From: Brett Davis on
In article <Kw6yn.224427$wr5.103281(a)newsfe22.iad>,
EricP <ThatWouldBeTelling(a)thevillage.com> wrote:

> Brett Davis wrote:
> >>>>> If you do the following you can get a 2x speedup, it looks like
> >>>>> more code, but will generate less, and the results will be
> >>>>> pipelined correctly.
> >>>>> Extra bonus points to those that understand why.
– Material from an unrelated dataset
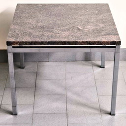 Vintage bijzettafel uit de jaren 70, roze graniet en verchroomd staal, DLG Florence Knoll
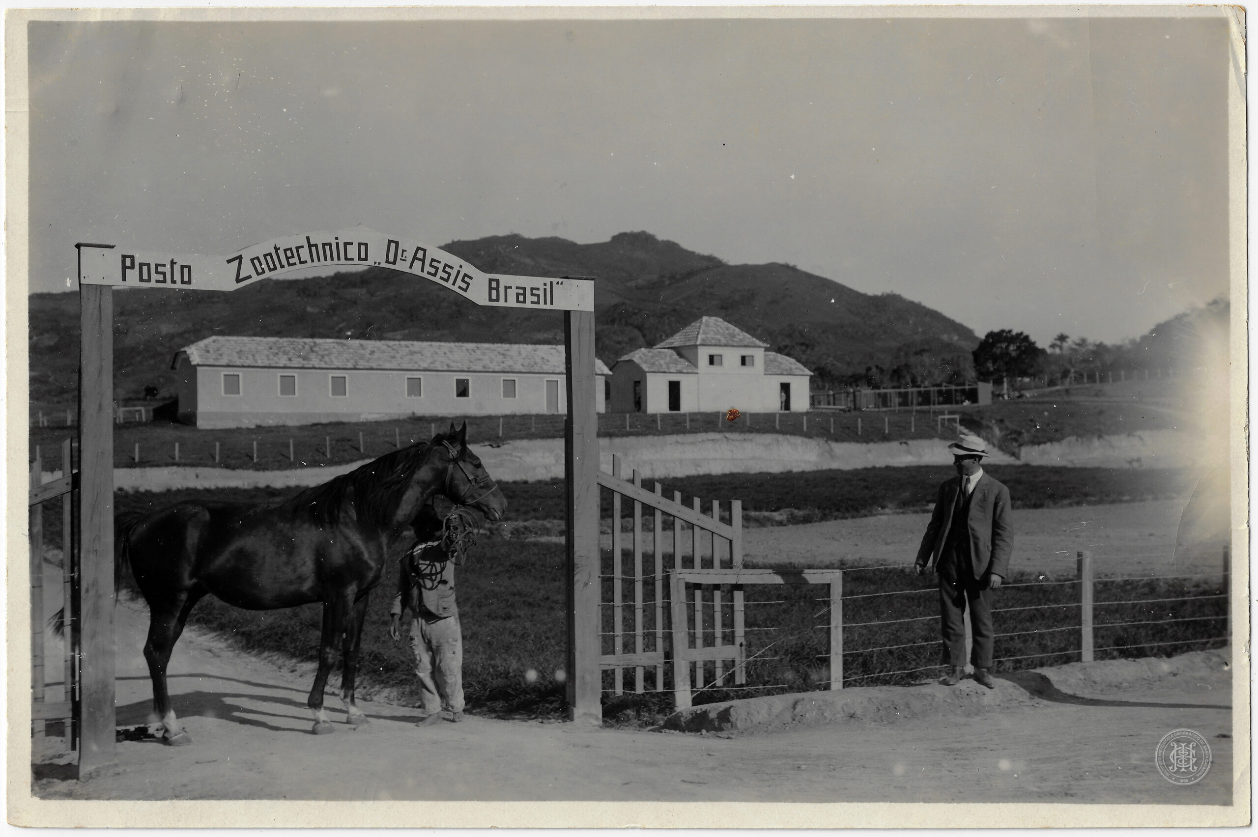 Entrada do Posto Zootecnico "Dr. Assis Brasil", fundado em fevereiro de 1920 no governo Dr. Hercilio Luz, situado no Bairro Carvoeira, em Florianópolis. No primeiro plano, à esquerda, um homem segura as rédeas de um cavalo de pelagem escura, posicionado de perfil à frente de um portal de madeira que sustenta uma placa com a inscrição "Posto Zootecnico Dr. Assis Brasil". À direita, um homem trajado de terno e chapéu permanece em pé junto a uma cerca de arame e madeira. O solo em primeiro plano é de terra batida, apresentando uma via que atravessa o portal.

Half the posters here?
> >>>>>
> >>>>> {
> >>>>> unsigned char *C = B+(H*j+H-i-1)*3;
> >>>>> temp0 = A[0];
> >>>>> temp1 = A[1];
> >>>>> temp2 = A[2];
> >>>>> C[0] = temp0;
> >>>>> C[1] = temp1;
> >>>>> C[2] = temp2;
> >>>>> A += 3;
> >>>>> }
> >>>>>
> >>>>> Do not use *C++ = *A++;
> >>> Only one in a hundred programers know an optimizaton like that, for
> >>> half of comp.arch to be that good says good things about comp.arch.
> >
> > Benchmark it, try and stay in cache as a 66 MHz embedded CPU does
> > not have memory 600 cycles away.
> > Only an Intel class chip has enough OoO stuff to have a chance
> > of coming close to the same speed as my code.
> >
> > Brett
>
> Oh, you are avoiding read after write data
> dependency pipeline stalls on in-order cpus.

No, nice guess.
I dont know of any CPU that stalls on a read after write, instead
they try and forward the data, and in the rare case when a violation
occurs the CPU will throw an interrupt and restart the instructions.
This is an important comp.arch point, so someone will correct me
if I am wrong.

> The buffer overlap aliasing considerations in C prevents the
> compiler from automatically rearranging the original LD ST
> order to be more pipeline friendly for a particular cpu,
> but Fortran would allow it.

This is close, the answer is a mundane but important point.
CPUs today have a load to use delay of ~2 cycles from level one
cache. (less for slower chips, more in faster chips.)
An OoO chip can try and find other instructions to execute, but
even they are subject to this delay. (I believe.)
This copy loop is so small I dont think there is much even a
Intel/AMD chip can do. I was hoping you would benchmark it. ;)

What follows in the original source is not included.